An outsider looking at my career might think I’ve had moderate success, but to me, it’s been a hugely successful career. I don’t measure it in fame or a resume, but in how fulfilling has been and continues to be. And considering all the obstacles I’ve had to overcome, and how much I continue to grow and learn about life from my career, nothing could be more meaningful or satisfying. Life is a process not a result, and I learned early on that if I enjoy the process, I’ll enjoy my life.

Has it been a smooth road?
It has not ever been a smooth road for me, but one constantly riddled with adversity and rejection. From the beginning, my parents would not support me going to college if I studied acting. That changed when they saw me in my first play, but by then I was already a college graduate.

An actor is constantly faced with rejection.

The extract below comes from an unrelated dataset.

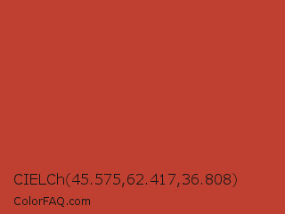 CIELCh 45.575,62.417,36.808 Color is a normal red color and the nearest color is Mojo #c04737. Hex code #bf4030 and RGB value is rgb(191,64,48). In RGB color space, this color is composed of 75% red, 25% green, 19% blue, In CMYK color space, this color is composed of 0% cyan, 66% magenta, 75% yellow , 25% black , In HSL color space, this color has a hue angle of 7° , 60% saturation and 47% lightness.

I’ve been told I’m too short, too old, too young, too white, too ethnic looking, too fat, not fat enough… the list can go on for days. And when I do get an audition, it is a challenge for me to express myself, instead of trying to express what I think the people looking for actors want. And it takes a lot emotionally to prepare and put oneself in front of a room of people who are there to judge me and my work. I’ve experienced people eating, talking on the phone, talking to one another, looking at their phones, walking around, all as I’m auditioning.

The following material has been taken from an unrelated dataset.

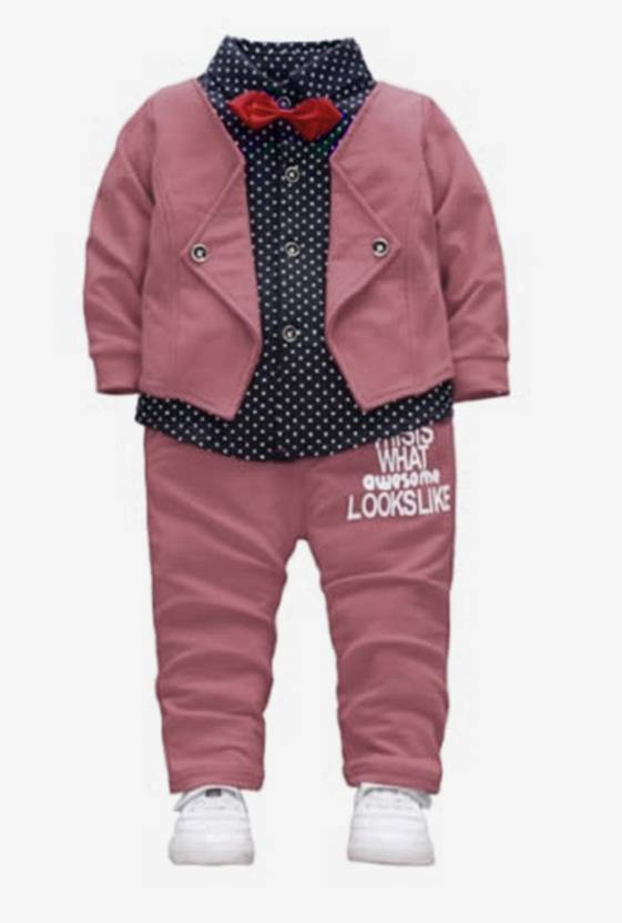 G V ENTERPRISE Boys Party(Festive) Shirt Pant, Jacket, Bow Tie (PINK)

It can be very disheartening after all it took me to get myself there – not to be fully seen. And I’ve had the opposite. I even had one memorable audition, where I got a standing ovation from the three people auditioning me – but I never got the part or even a call back from the audition. It is a never-ending process of letting go. Not always easy, but necessary. Again, a constant challenge of enjoying the process – whatever it may be, and not the result. The satisfaction only comes in knowing I did a great job, with all the nerves and distractions, regardless of the result of a job or not.

As for singing, I knew I could carry a tune early on, and was asked to sing unexpectedly at a couple of auditions when I first started out as an actor. I was so nervous that I fell off pitch, so I decided to find a singing teacher and study voice to help me since I knew I could sing. My very first singing teacher told me I had a nice voice but would never be a singer, so I stopped singing for three years. Then came another disastrous singing audition. So I found another teacher, and he told me that in his 14 years of teaching, he has not seen such a rare gift – a diamond in the rough, and I must pursue singing above all else. It was at this time I relocated to Los Angeles. I found a singing teacher here who told me the same thing, and I’ve been with him ever since.

Very little has come easily to me. But the drive to express myself in this world is so strong it keeps me going in the face of obstacle after obstacle. I constantly tell myself, “doubt, fear, nerves… you don’t have to go away, you can come with me, but do not interfere with my process.” In retrospect, I can say that the obstacles have forced me to find a stronger sense of self, and become more whole as a person.

Can you give our readers some background on your music?
As an artist, I’ve discovered that my niche seems to be getting people to feel. Perhaps since I wasn’t allowed to express my feelings as a kid, and was too afraid to, I can see how important it is to feel. Pain, joy, anger, peace – all of it. People tell me time and time again that they had an emotional reaction to my work, be it a performance, a music video, or a song. I’ve always wanted to be able to feel my feelings, and have others do the same. That’s been my goal, and I will keep doing it as my main mantra in life.

Is our city a good place to do what you do?
Los Angeles is a great place, certainly for someone wanting to be in the TV, music, or film business. At the same time, it is a very competitive place and not necessarily the easiest place to meet other artists who are interested in genuinely working together on more than a specific project. So it can be an isolating place, even with the thousands of artists one comes into contact with. Nowadays, it is easier to create art anywhere. I think it is great, perhaps necessary, for an artist to have a somewhat firm sense of themselves before starting out. Then you can live and work anyplace, including a creative isolating, tough town like Los Angeles.